On the eve of Pat Kingsley’s opening up shop in London, the Guardian runs a long Kingsley profile, detailing the history of her career and along with it, the development of the odd Hollywood mini-industry of celebrity handling. The overrarching question is, of course, does Kinglsey (and by extension, her colleagues in tinsel-spinning) shape, or react to, celebrity culture?
Pat Kingsley thinks people don’t read any more anyway. ‘You know,’ she says, ‘these days, television is basically what decides what’s going to be a hit movie. Getting that kind of exposure, buying the time on the air. Much more than press. The kind of people that they want to bring into the movie theatres – young people – aren’t that interested in the print media, and they get most of their information from television.’ Much as it pains me to admit it, she is right. What’s harder to know is whether Kingsley and her followers have changed the face of celebrity, or whether the changing face of celebrity has created them.

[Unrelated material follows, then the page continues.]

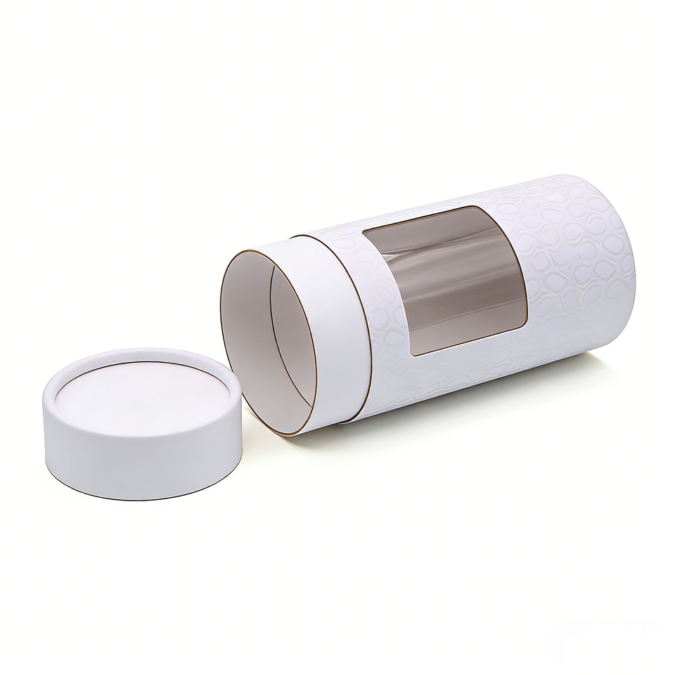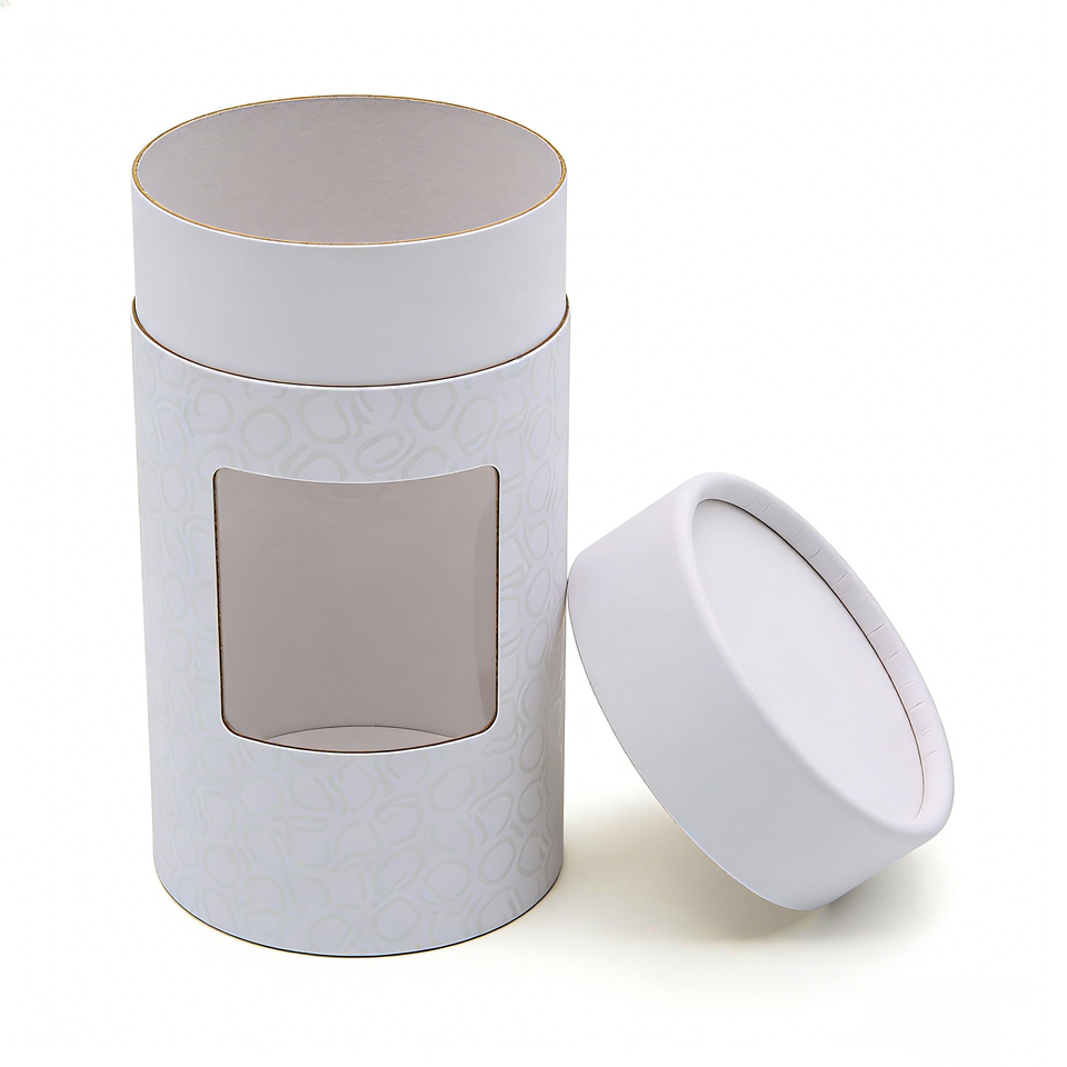Boîte cylindrique en carton de haute qualité avec fenêtre en PVC, taille personnalisée, tube en papier rond de luxe pour l'emballage du thé et des aliments

The article also mentions that journalists have, on occasion, tried to organize against publicists:
The media has tried to fight back. After the release of A Few Good Men in 1992, a few editors decided to take action against the power-publicists. Lanny Jones, the editor of People, gathered together a group of journalists from Vanity Fair, Newsweek, Time, Premiere and TV Guide and tried to get them all to agree to lay down a code – they would, collectively, not cave in to the publicists’ demands. Kingsley said: ‘All you have to do to break one of those alliances is offer someone an exclusive interview.’ And sure enough, the code was never put into place.
Wow, somebody should make a movie about that. (And speaking of movies about media, over at the mediabistro.com mothership, there’s an article about the best of them.)